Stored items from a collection
--*--
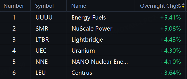 Nuclear stocks gained in overnight trading. Energy Fuels, NuScale Power up over 5%; Lightbridge, Uranium, NNE up over 4%.
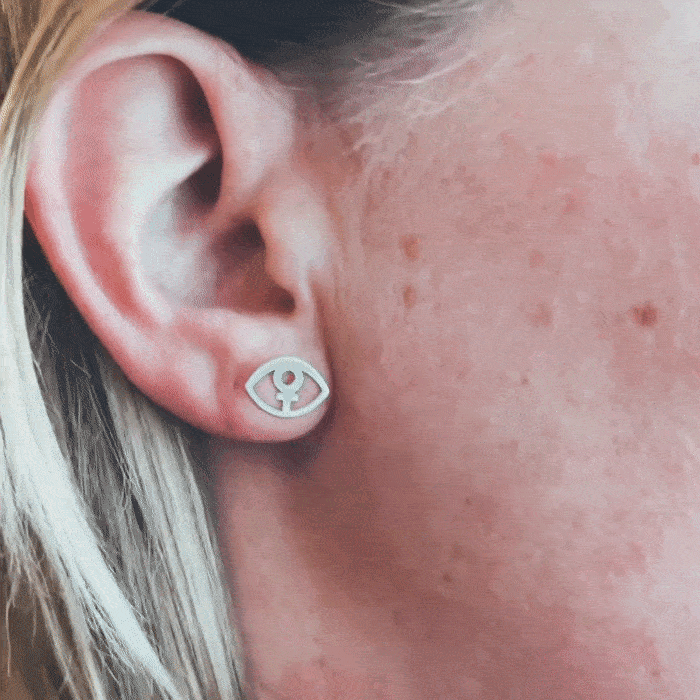 1 stud earring in the shape of an eye with a female symbol as the pupil. Handmade in 925 sterling silver. Measures approx. 12x8mm Note! Only 1 earring, for those who have only one ear piercing or think it's cool to wear a statement earring!
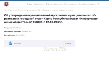 Ах, да. Это материалы публикация издания, где учредителем выступает администрация города. Издание было создано под программу керченской администрации «Информационное общество». Зарегистрировано 12 июля, а программу утвердили 12 октября. Программа на 15 миллионов рублей на 3 года.
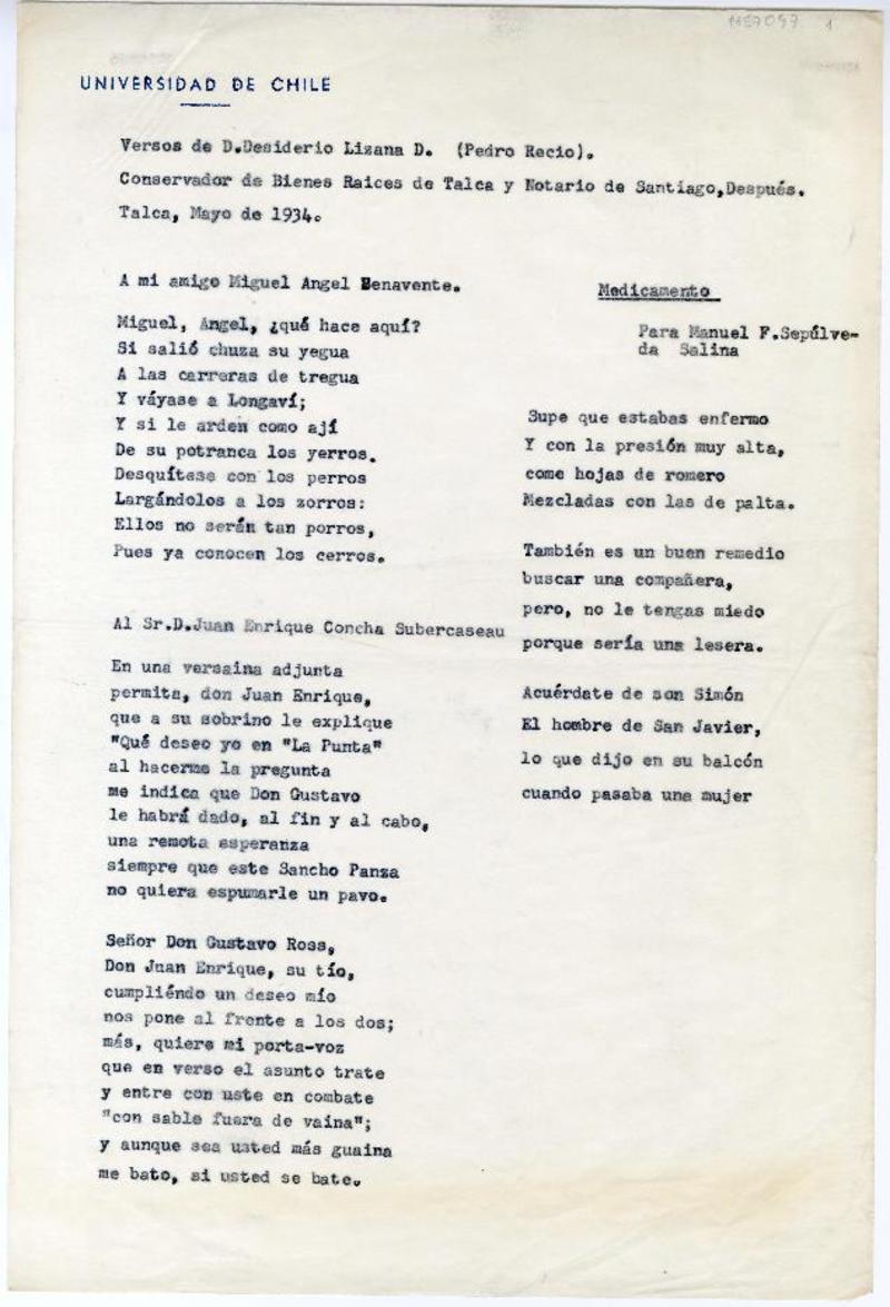 [Versos] [manuscrito] Desiderio Lizana Droguett (Pedro Recio) ; transcripción.
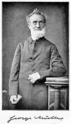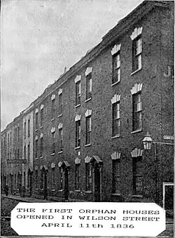 On 20 November 1835, Müller had it in mind to open an orphan house in Bristol to prove that God not only existed but that He heard and answered prayer, and Müller set about doing so on 21 November. He prayed that he might be given £40 as an encouragement but by 23 November he received gifts of around £50 from unexpected sources. His reasons for establishing this work were "1. That God may be glorified, should He be pleased to furnish me with the means, in its being seen that it is not a vain thing to trust in Him; and that thus the faith of His children may be strengthened. 2. The spiritual welfare of fatherless and motherless children. 3. Their temporal welfare."[4] He took inspiration from the large orphanage established in the 18th century by AH Francke at Halle, Germany.[5] A public meeting was held at which Müller announced his intentions but that he would be making no appeal to any man for funding. It was his intention to receive only children who had lost both parents through death, to train girls for domestic service and boys for a trade.[6] He prayed for £1,000 and staff to run the home, together with premises from which to operate. Although the £1,000 had yet to be received, 6 Wilson Street was fitted up for the orphans, Mr and Mrs Müller moving to 14 Wilson Street, and, on 11 April 1836, the first girls moved in. By 21 April, 26 children had taken up residence.[7]
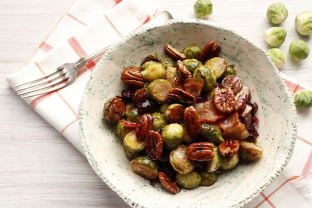 - Cuando las coles estén glaseadas y doraditas, pasar a una fuente y mezclar con las nueces y el bacon.
--*--
Your goal:
The expected output is the lines above from the one containing "Ах, да. Это" to the one containing "[Versos] [manuscrito] Desiderio", both ends included, reproduced exactly with every picture left out.

Expected answer:
 Ах, да. Это материалы публикация издания, где учредителем выступает администрация города. Издание было создано под программу керченской администрации «Информационное общество». Зарегистрировано 12 июля, а программу утвердили 12 октября. Программа на 15 миллионов рублей на 3 года.
 [Versos] [manuscrito] Desiderio Lizana Droguett (Pedro Recio) ; transcripción.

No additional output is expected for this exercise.